● **Exercise**
Retype, without pictures, the line holding "Architectural Layering and" and each line below it through the final line.
*** Opening of Exercise data ***
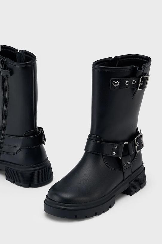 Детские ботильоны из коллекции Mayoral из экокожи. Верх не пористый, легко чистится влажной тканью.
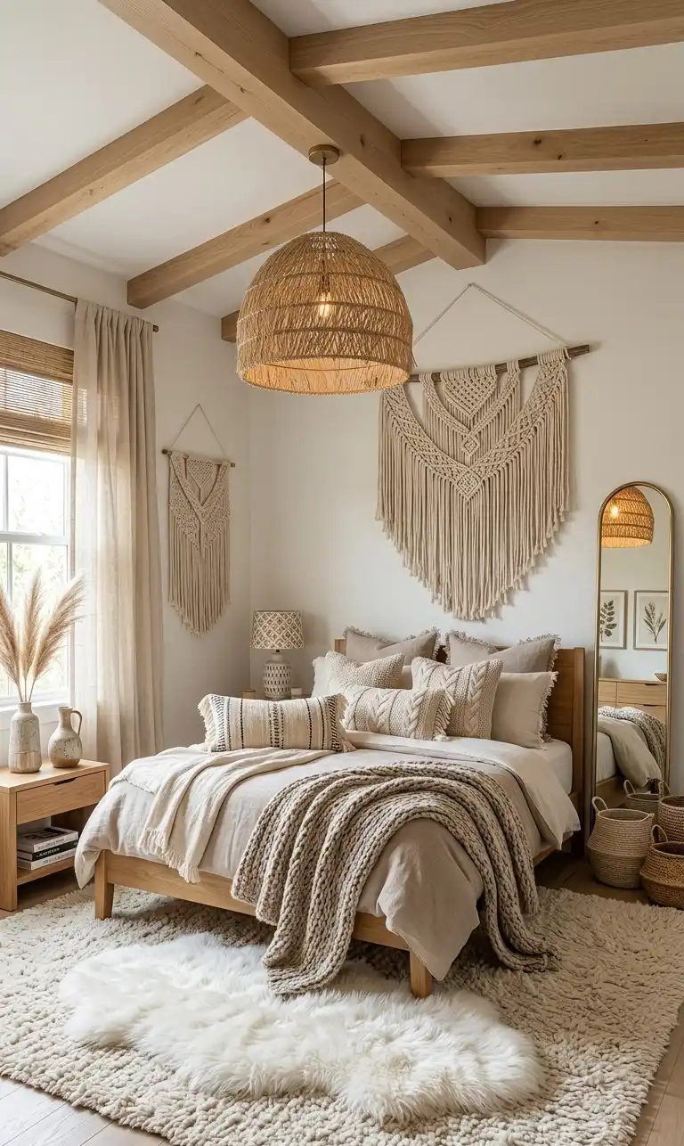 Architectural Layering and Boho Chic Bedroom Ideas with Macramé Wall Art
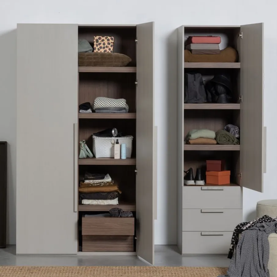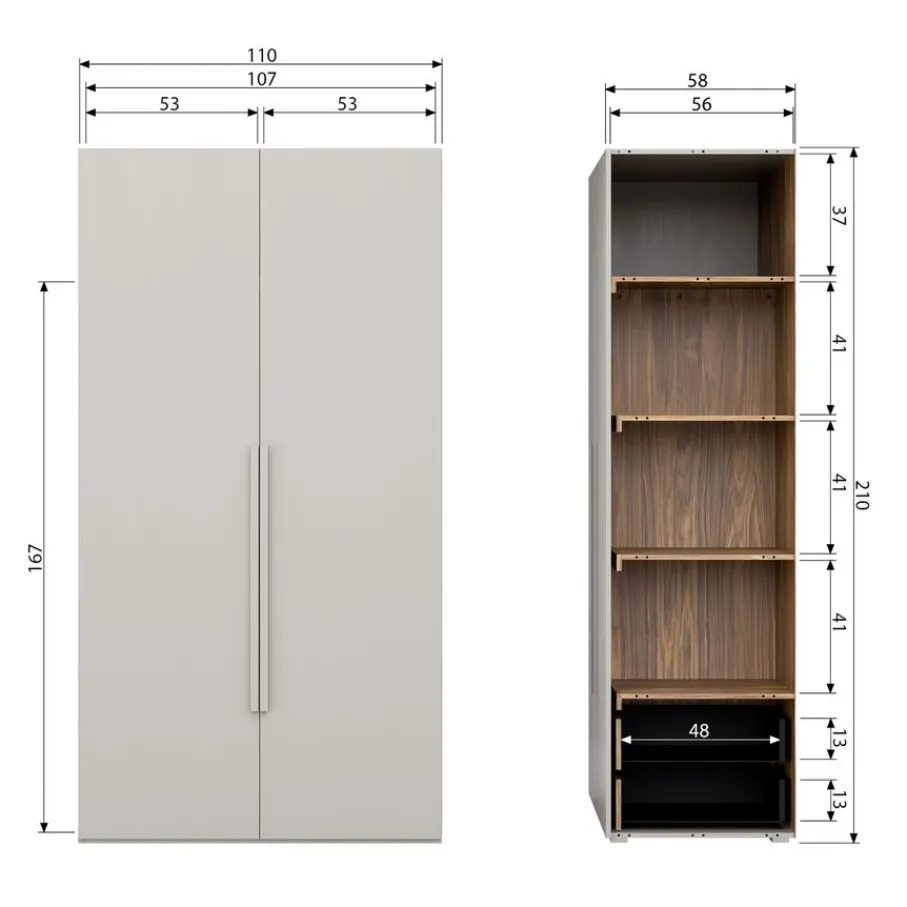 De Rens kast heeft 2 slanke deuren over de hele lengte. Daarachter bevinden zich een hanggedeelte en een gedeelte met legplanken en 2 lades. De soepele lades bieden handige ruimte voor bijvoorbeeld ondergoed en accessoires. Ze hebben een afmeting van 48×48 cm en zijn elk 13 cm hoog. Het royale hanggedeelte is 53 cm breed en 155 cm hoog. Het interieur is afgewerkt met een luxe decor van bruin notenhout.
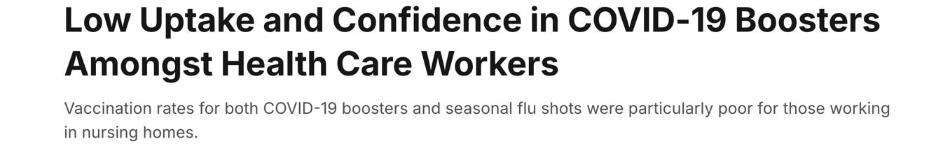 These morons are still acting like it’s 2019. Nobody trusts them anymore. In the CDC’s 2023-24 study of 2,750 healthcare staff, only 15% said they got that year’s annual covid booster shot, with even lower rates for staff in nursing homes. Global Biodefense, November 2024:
*** Close of Exercise data ***
● **Solution below**
 Architectural Layering and Boho Chic Bedroom Ideas with Macramé Wall Art
 De Rens kast heeft 2 slanke deuren over de hele lengte. Daarachter bevinden zich een hanggedeelte en een gedeelte met legplanken en 2 lades. De soepele lades bieden handige ruimte voor bijvoorbeeld ondergoed en accessoires. Ze hebben een afmeting van 48×48 cm en zijn elk 13 cm hoog. Het royale hanggedeelte is 53 cm breed en 155 cm hoog. Het interieur is afgewerkt met een luxe decor van bruin notenhout.
 These morons are still acting like it’s 2019. Nobody trusts them anymore. In the CDC’s 2023-24 study of 2,750 healthcare staff, only 15% said they got that year’s annual covid booster shot, with even lower rates for staff in nursing homes. Global Biodefense, November 2024:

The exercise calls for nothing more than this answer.